We will consider each of these four components in more detail and review the attempts that have been made to improve the state of the art. In addition, we will address the problem of recognition-translation integration which is specific of spoken language translation.

October 1, 2004
How long will we be able to ignore linguistic knowledge and their formalisms?

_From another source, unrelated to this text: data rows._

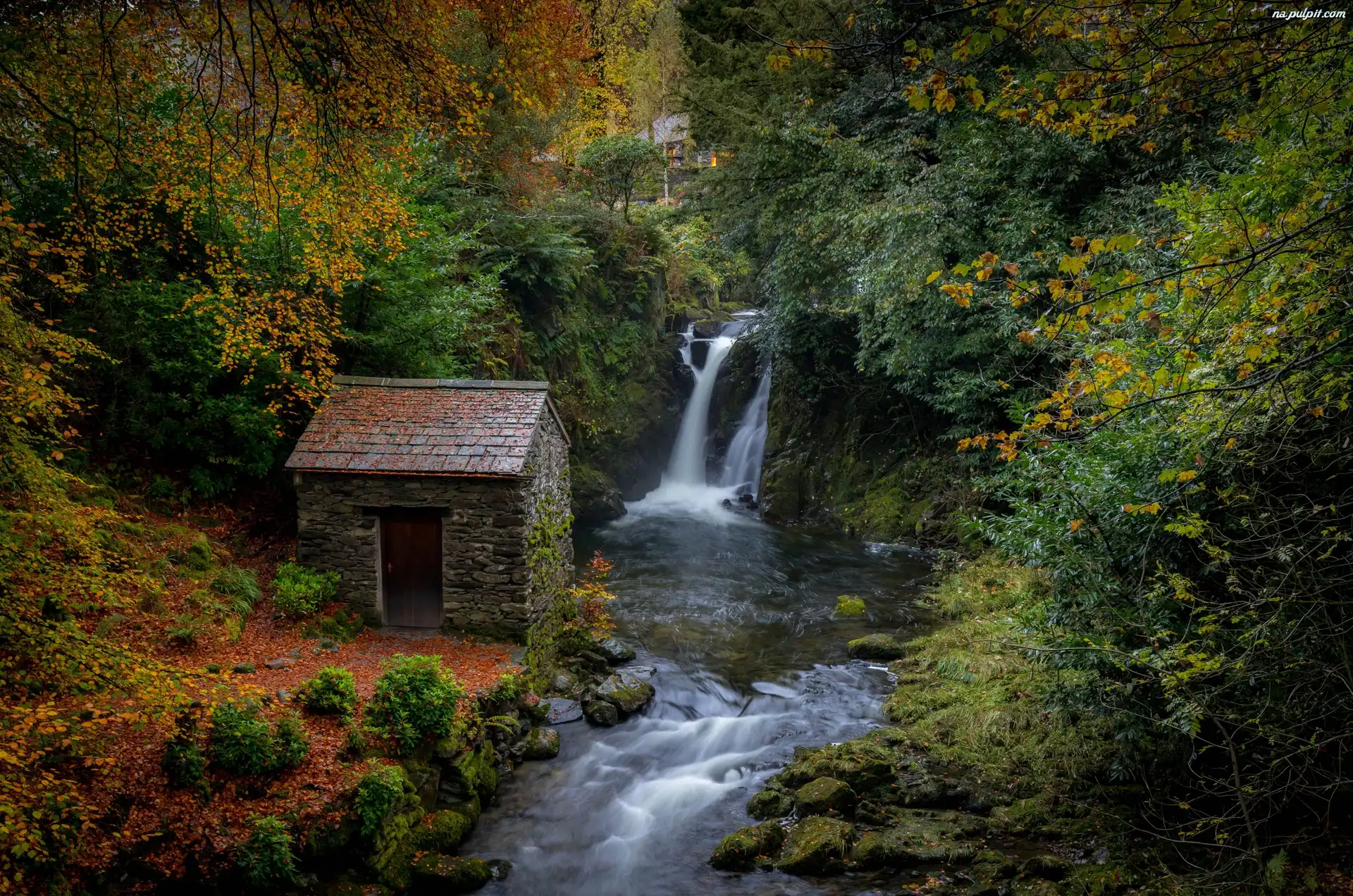 Anglia, Rzeka, Hrabstwo Kumbria, Wieś Rydal, Wodospad, Las, Dom widokowy Na Pulpit
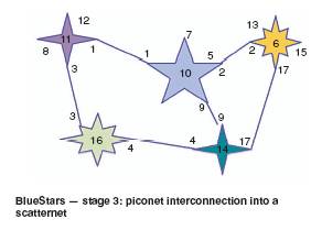 3. The final phase concerns the selection of gateway devices to connect multiple BlueStars. The purpose of the third phase of our protocol is to interconnect neighboring BlueStars by selecting inter-piconet gateway devices so that the resulting scatternet is connected whenever physically possible. The main task accomplished by this phase of the protocol is gateway selection and interconnection.
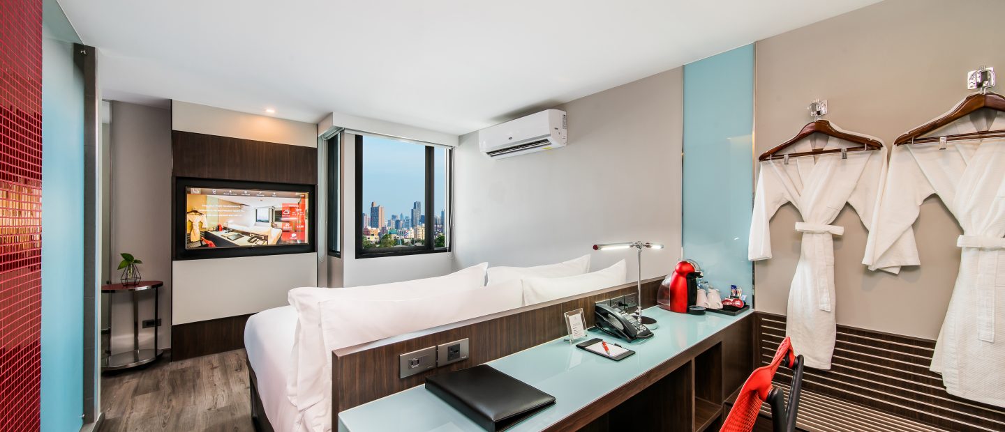 酒店共有4種不同的客房,房間寬敞帶點工業風,朝氣時尚,所有客房更享有天際線景觀,可以在房間內將曼谷美景盡收眼底。
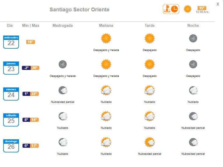 En Santiago se espera que la zona cordillerana mañana amanezca con -2°C y que durante el día se llegue a una máxima de 20°C. Ya para el fin de semana, las temperaturas más bajas se acercarán a los 10°C.
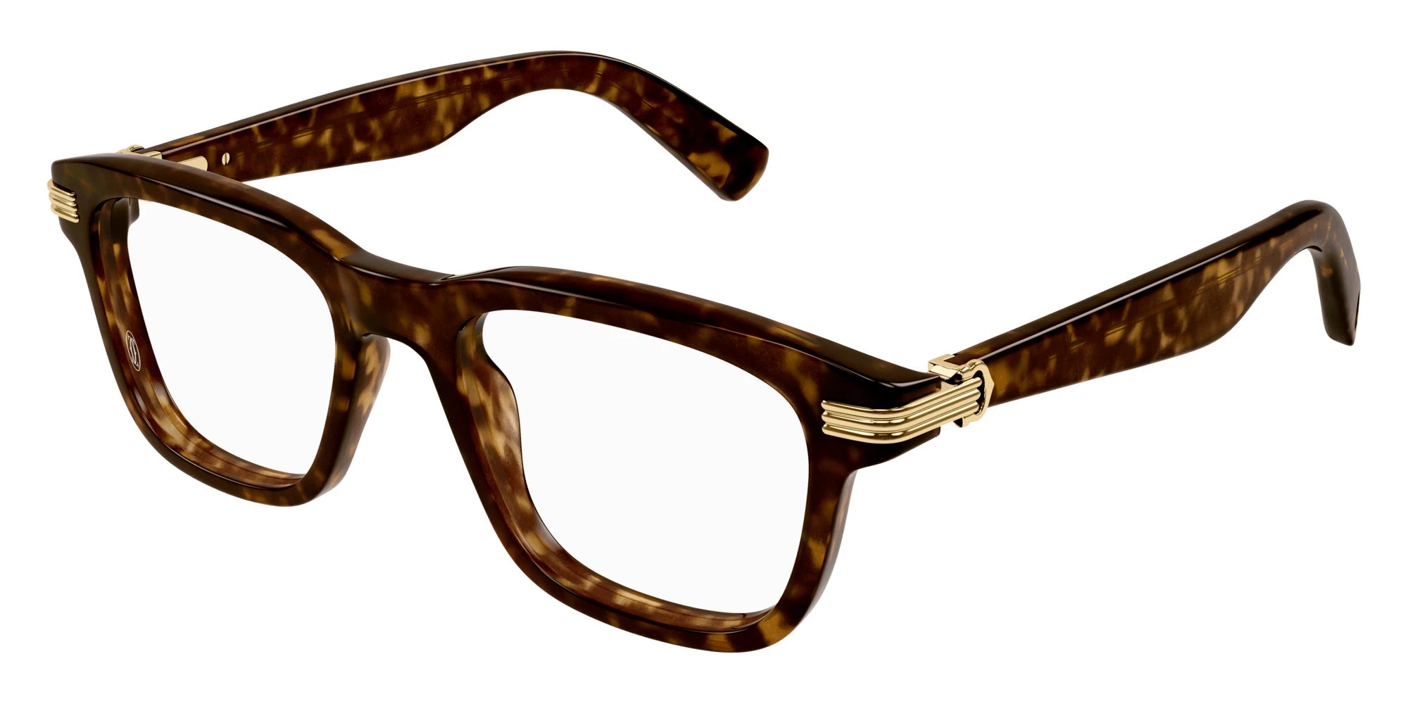 CT0444O Eyeglasses by Cartier™. The square shape design feature a full rim recycled acetate frame. This model is available in three different color combinations and sizes. Cartier, a renowned luxury brand with a rich history spanning over a century, is synonymous with elegance, craftsmanship, and timeless style. While Cartier is most celebrated for its exquisite jewelry and watches, the brand's eyewear collection stands as a testament to its commitment to excellence and innovation. Its eyewear captures the essence of Cartier's aesthetic codes, combining traditional craftsmanship with modern designs to create eyewear pieces that are both stylish and functional. Each pair of eyeglasses is meticulously crafted using the finest materials and techniques, resulting in a high-quality product that is built to last. One of the defining features of Cartier eyewear is its iconic and recognizable designs. The brand often incorporates signature elements like the panther motif, the Double C logo, and the Cartier screws, which add a touch of sophistication and luxury to the frames. These distinctive details are a testament to the brand's dedication to creating eyewear that is not only fashionable but also instantly recognizable as a Cartier creation.
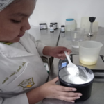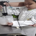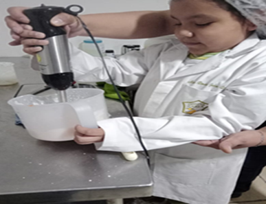 4. Una vez transcurrido el tiempo de la mezcla de fases, adicionar la fase C manteniendo la agitación con la ayuda de la batidora de inmersión.
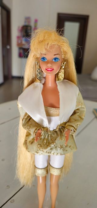Preciosa muñeca Barbie Hollywood Hair. Esta Barbie luce un conjunto dorado y tiene una larga melena rubia dorada, algun desgaste en la falda foto n°4, solo le faltarían las botas y la cinta del pelo por lo demás genial - Incluye una muñeca Barbie con un vestido dorado. - Cabello largo y rubio. - Accesorios dorados.
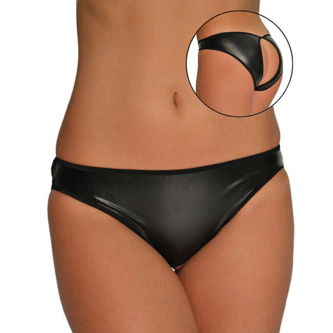 Стринги из искусственной кожи черные, размер 42, с открытой областью ягодиц
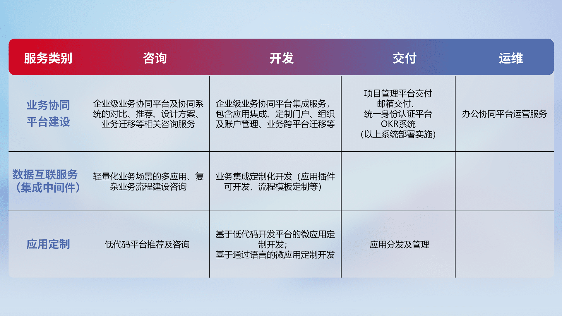 针对钉钉、、、、企微、、IDaas等平台级产品提供产品的规划、、、、方案、、、、交付、、、定制化开发等服务,,,,实现如统一协同办公、、、智能客户服务、、、、混合会议管理、、、智能数据查询、、、、等业务场景,,,,实现数字化转型。。。。
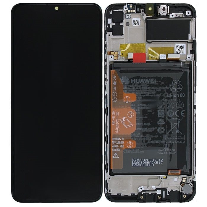 Γνήσια Οθόνη Και Μηχανισμός Αφής Με Πλαίσιο Και Μπαταρία Huawei Y6p / Honor 9A Μαύρο 02353LKV (Service Pack)
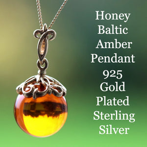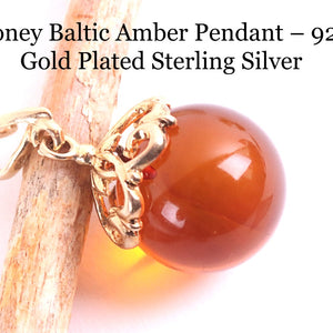 Honey Baltic Amber Pendant – 925 Gold Plated Sterling Silver

13:30-14:30 Prof. Jun'ichi Tsujii (Department of Computer Science, University of Tokyo)
The paradigms of MT proposed so far have their own attractions such as SBMT being good for rapid development of MT systems, EBMT for non-compositional translation, etc. However, it is becoming increasingly clear that proper theories of language are also crucial for quality of NLP systems. In this talk, we will argue that grammar in proper linguistic formalisms can improve performances of systems based on ill-conceived grammar,and that it is the time for another paradigm shift in NLP in general and MT in particular.
  Our experience in parsing has show a parser that uses linguistically sound formalisms with substantial knowledge of lexical items can not only supersede the performance of parsers based on arbitrary forms of grammar but also improve adaptability towards specific domain and widen the scope of applicability in actual NLP application systems. Good grammar formalisms also provide better bases for statistical language models. Since MT have to deal with diverse aspects of language, we need to avoid the naïve distinction of different MT paradigms and start to pursue possible integration of good ideas in different paradigms.